▶ DESCRIPTION OF THE TASK
Leave every image out, and return the rest of the data word for word.

+++ DATA EXCERPT +++

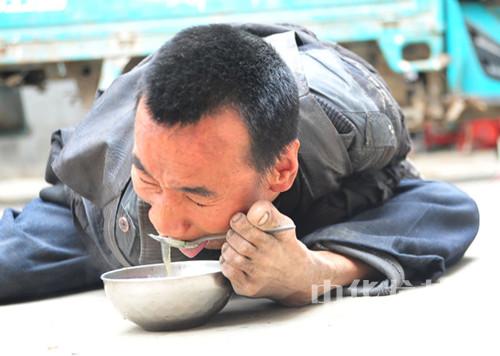 媽媽乘上一碗放在地上,紅印坐在墊子上,用腳夾著勺子,彎下腰來吃得很香。看到紅印吃飯那么費(fèi)力,在場(chǎng)人心里酸酸的,為紅印自強(qiáng)不息所打動(dòng)著??墒钱?dāng)初娘倆可沒少流眼淚,李新蘭發(fā)現(xiàn)兒子兩只腳是靈活完好的,就開始訓(xùn)練他用腳吃飯、洗臉。養(yǎng)大一個(gè)正常的孩子尚且不易,何況是張紅印這樣的孩子?李新蘭一遍遍地教,年幼的張紅印一遍遍地學(xué)。難為到受不了時(shí),娘倆就抱在一起哭。
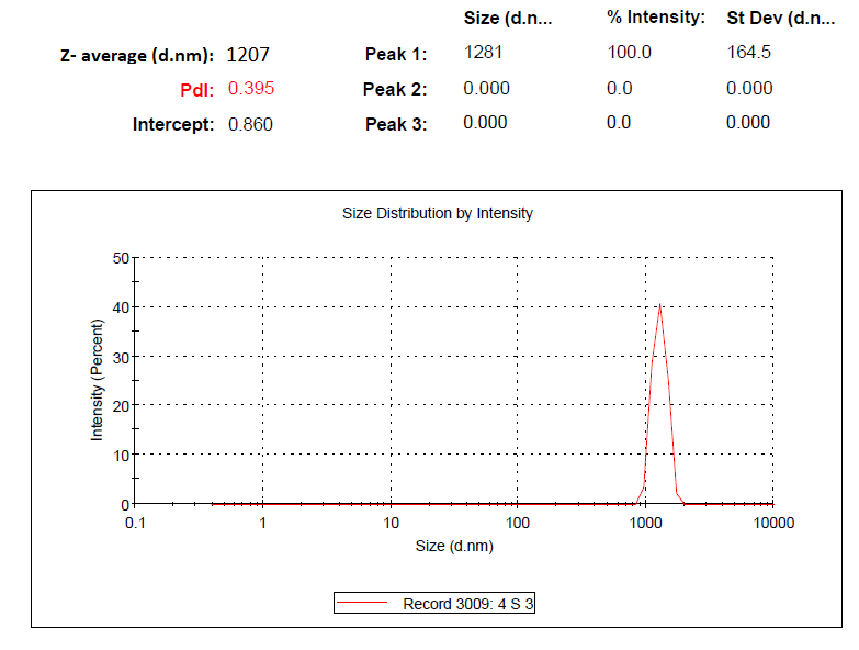The particle size and zeta potential of ethosomes were examined using a zeta sizer, and the results are displayed in table 2. All experimental trials had particle sizes that ranged from 706 nm to 1433 nm.
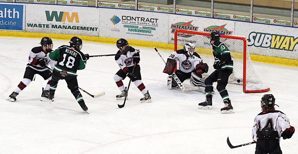 Jackson Nevers (18) scores for Edina PWAA in Sunday's win over Osseo-Maple Grove.
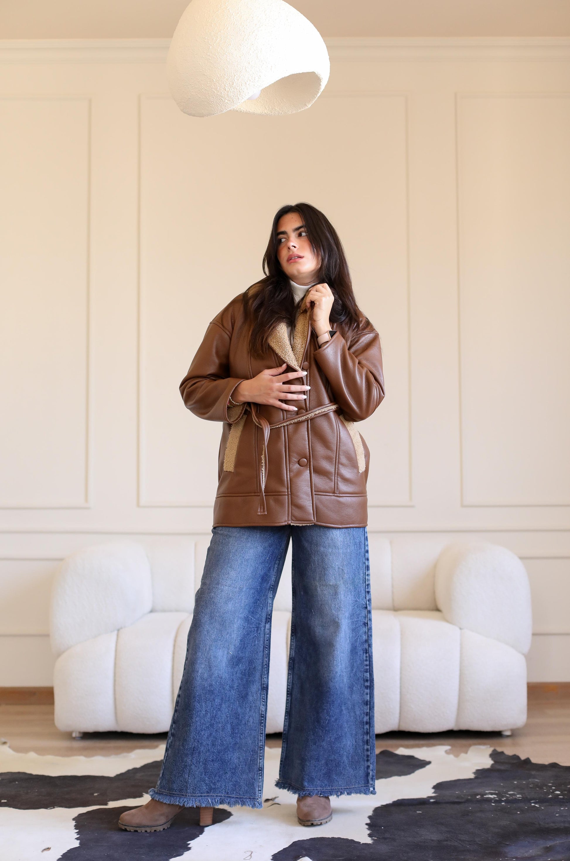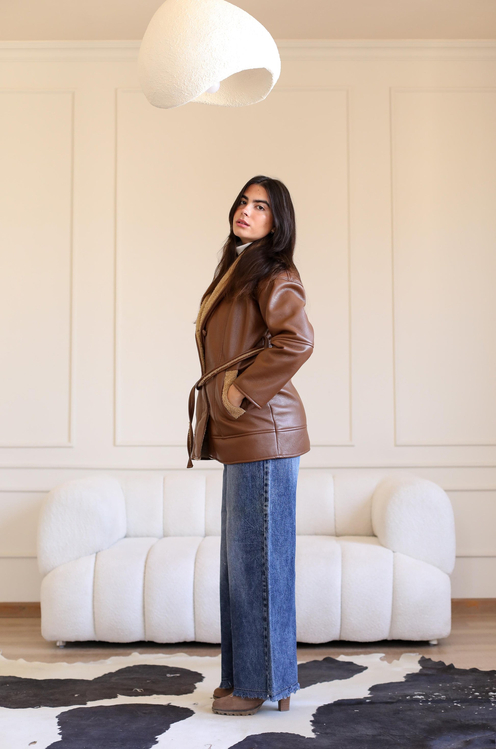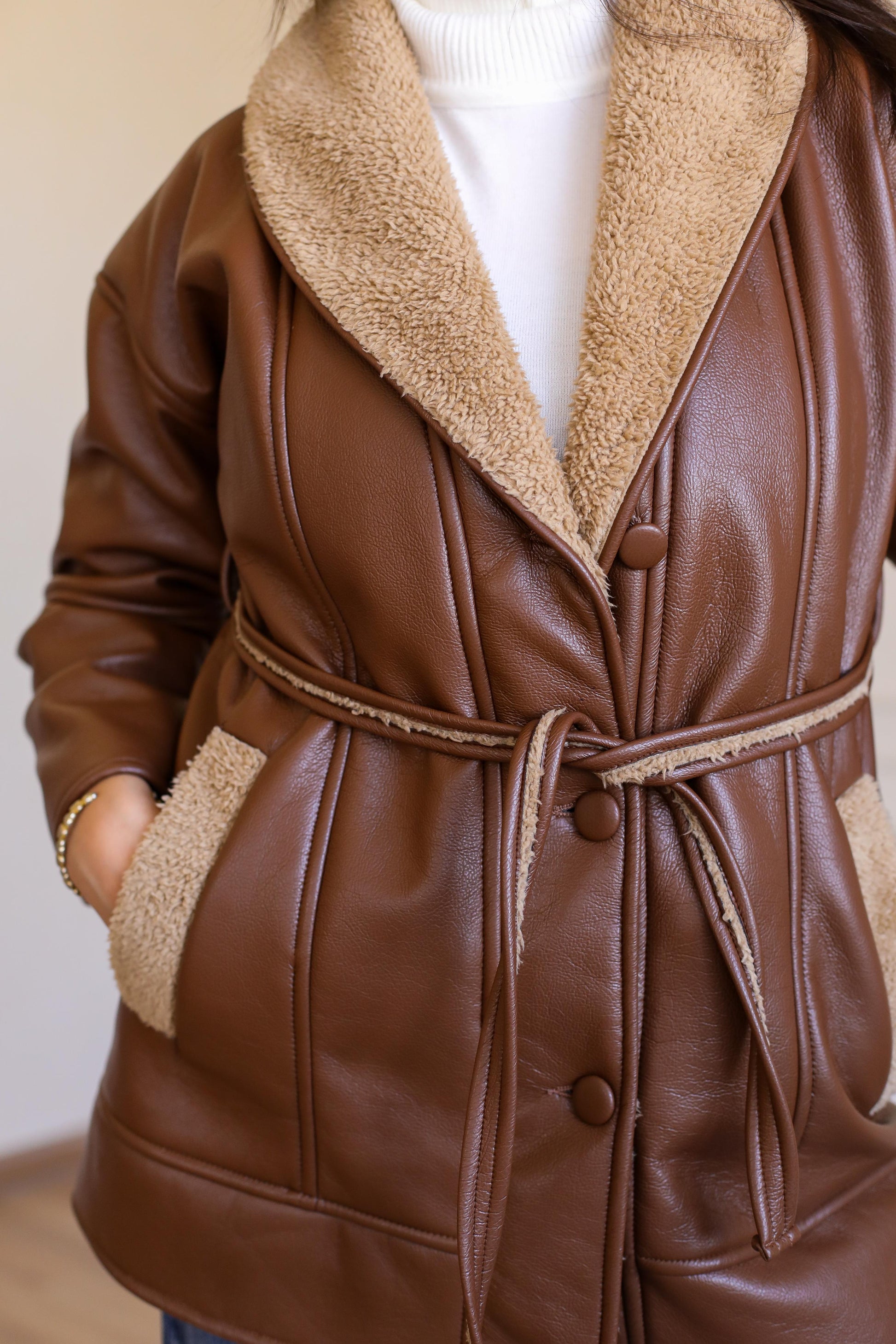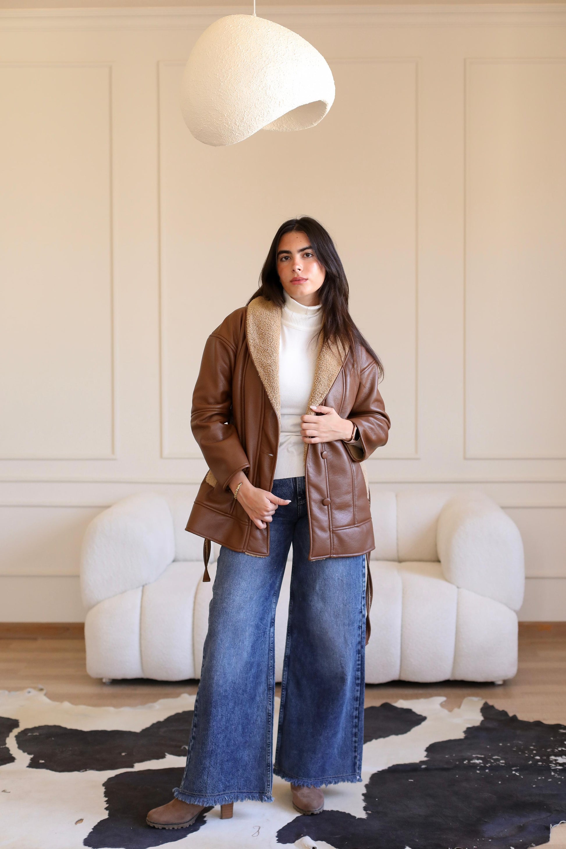 Leather jacket with lapel collar and long sleeves. Front pockets. Combination fleece fabric lining. Front button closure.

+++

▶ EXPECTED ANSWER
 媽媽乘上一碗放在地上,紅印坐在墊子上,用腳夾著勺子,彎下腰來吃得很香。看到紅印吃飯那么費(fèi)力,在場(chǎng)人心里酸酸的,為紅印自強(qiáng)不息所打動(dòng)著??墒钱?dāng)初娘倆可沒少流眼淚,李新蘭發(fā)現(xiàn)兒子兩只腳是靈活完好的,就開始訓(xùn)練他用腳吃飯、洗臉。養(yǎng)大一個(gè)正常的孩子尚且不易,何況是張紅印這樣的孩子?李新蘭一遍遍地教,年幼的張紅印一遍遍地學(xué)。難為到受不了時(shí),娘倆就抱在一起哭。
The particle size and zeta potential of ethosomes were examined using a zeta sizer, and the results are displayed in table 2. All experimental trials had particle sizes that ranged from 706 nm to 1433 nm.
 Jackson Nevers (18) scores for Edina PWAA in Sunday's win over Osseo-Maple Grove.
 Leather jacket with lapel collar and long sleeves. Front pockets. Combination fleece fabric lining. Front button closure.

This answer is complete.